Le lymphangiome kystique est une anomalie congénitale du système lymphatique (1.) Bien qu’elle soit une entité histologiquement bénigne, elle peut être à l’origine de complications graves. (1-2)

Dans sa localisation cervicale, il peut intéresser la langue, le plancher de la bouche, le pharynx, le larynx, et la trachée ; ce qui explique la difficulté à avaler et la détresse respiratoire qui peuvent en résulter (3-4). Ceci, souligne le grand intérêt du diagnostic prénatal, dans l’amélioration du pronostic néonatal (5-6)

OBSERVATION

Nous rapportons le cas de Mme F.K, âgée de 30 ans, primigeste, sans antécédents pathologiques notables. La patiente avait consulté chez nous à 19 SA pour suivi de sa grossesse. L’examen clinique était sans particularités, alors que l’échographie avait trouvé une masse fœtale cervicale d’échostructure mixte, mesurant 56/57 mm (figure 1), dont l’aspect échographique et la localisation étaient en faveur d’un lymphangiome kystique cervical.

 

diag1            diag2

La patiente a été suivie régulièrement à la consultation prénatale. Le contrôle échographique rapproché a objectivé une augmentation progressive de la taille de la masse avec apparition de zones liquidiennes séparées par de fins septas (figure2) et apparition d’un excès du liquide amniotique témoignant de la compression oesophagienne et de la difficulté de déglutition.

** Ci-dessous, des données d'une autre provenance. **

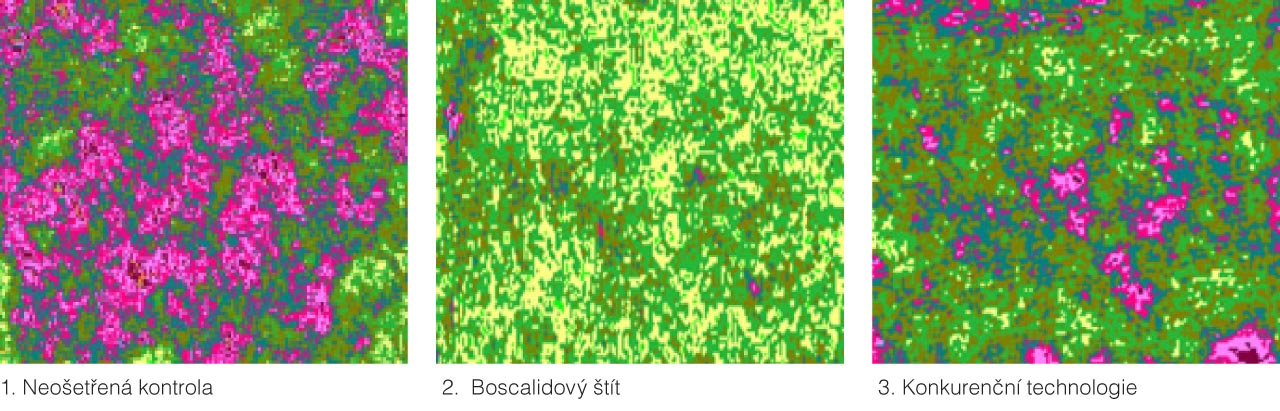 Obr. 1: Infračervené fotografie s porovnáním účinnosti technologie boscalidového štítu, konkurenční technologie a neošetřené kontroly, ZS Kluky 2016.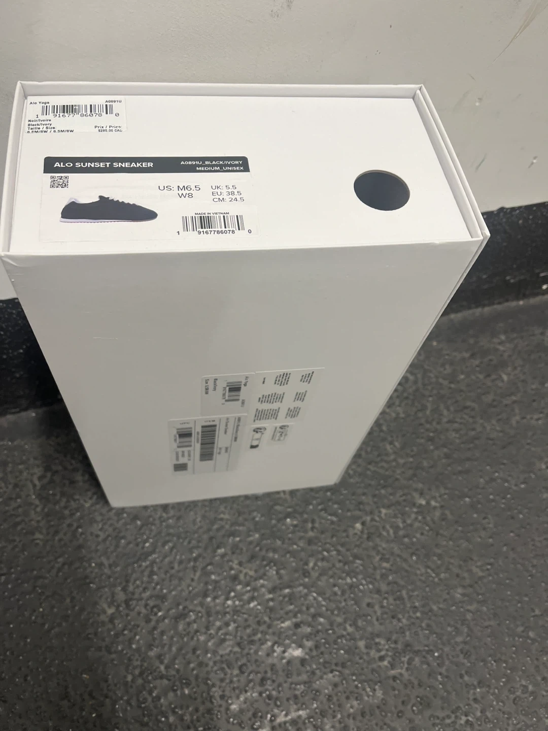 Selling a pair of ALO empty Sunset Sneakers, brand new in the box! These are a size 6.5 US Women's and the colour is Black/Ivory. Comes with the original box and packaging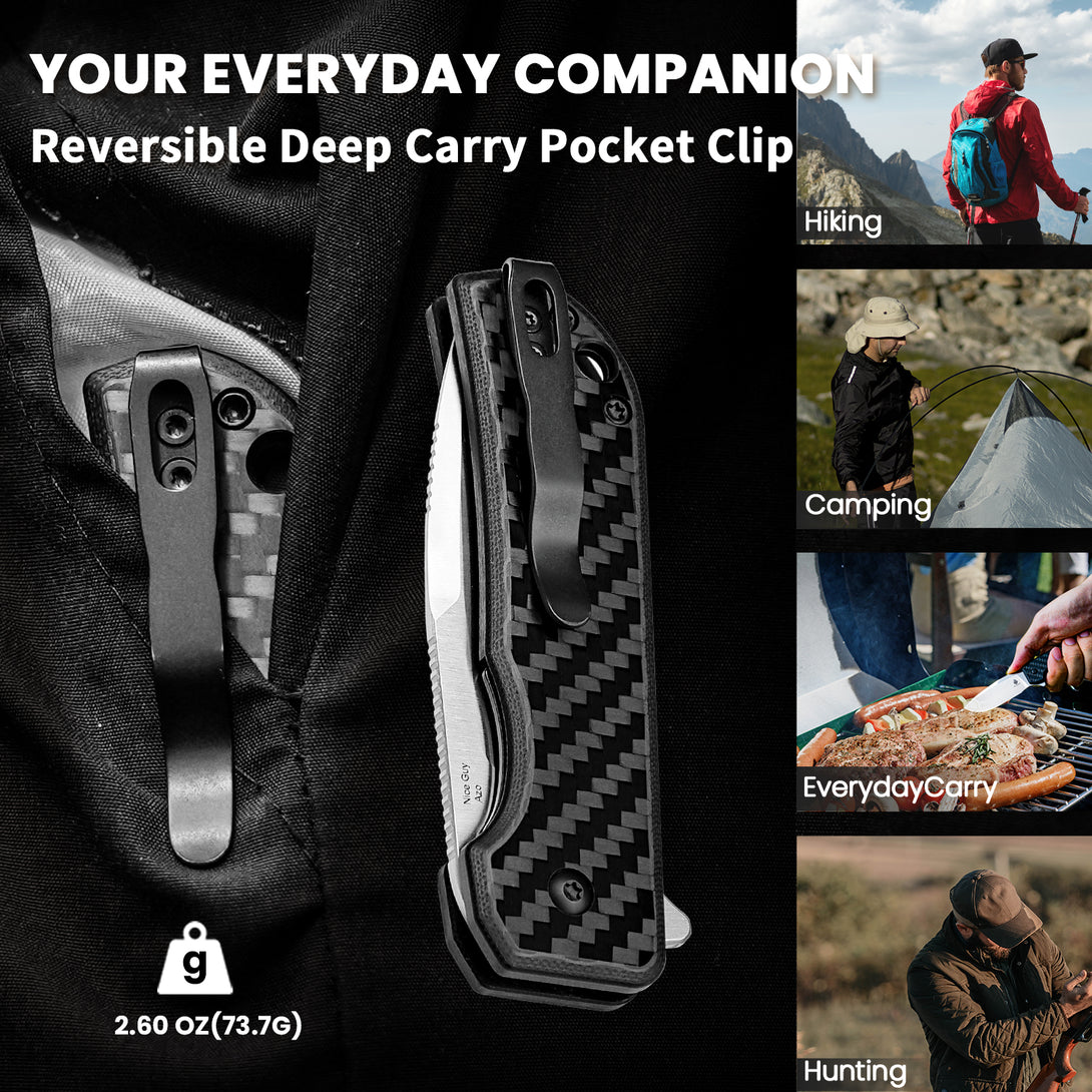 Featuring a G10 Carbon Fiber handle, it offers a luxurious appearance with its woven fabric-like pattern while maintaining its lightweight properties.

Une décision de césarienne programmée à 34 SA après corticothérapie a été prise en collaboration avec les néonatologues et les chirurgiens pédiatres en vue d’une prise en charge chirurgicale programmée. Laquelle césarienne a permis l’extraction d’un nouveau né de sexe féminin, Apgar 10/10, poids à 3000 g, avec une énorme masse cervicale, molle, faisant 18 cm de grand axe (figure 3) À H2 de vie le nouveau né a présenté une détresse respiratoire nécessitant une ponction drainage de la masse (figure 4) et une ventilation artificielle. Cependant il est décédé à j12 de vie dans un contexte de choc septique.

          diag4 

DISCUSSION :

Définition :
Les lymphangiomes kystiques sont des tumeurs bénignes dysembryoplasiques rares d’origine lymphatique, qui représentent 2,6 à 5% des masses cervicales congénitales. Ils sont composés de plusieurs types de tissus, vaisseaux lymphatiques et de tissu conjonctif à des degrés variables, expliquant que certains les considèrent comme des hamartomes et non comme des tumeurs kystiques (7). Le LKC est due à une dilatation des vaisseaux lymphatiques qui restent séparés par une composante mésenchymateuse lâche d’importance variable (8).  Le LKC peut aller de la forme microscopique à la forme kystique (1-9).  Sa localisation préférentielle est le triangle cervical postérieur, il peut aller de la forme simple à la forme sévère avec extension importante aux organes de voisinage essentiellement la trachée et l’œsophage (2-10) voir même une extension médiastinale dans 10 % des cas (7).

Pathogénie :
Le système lymphatique fœtal se développe vers la cinquième semaine de la gestation, le défaut de communication entre les canaux lymphatiques a pour conséquence des accumulations pathologiques du liquide lymphatique, qui s’observent d'abord dans la région nucale (1)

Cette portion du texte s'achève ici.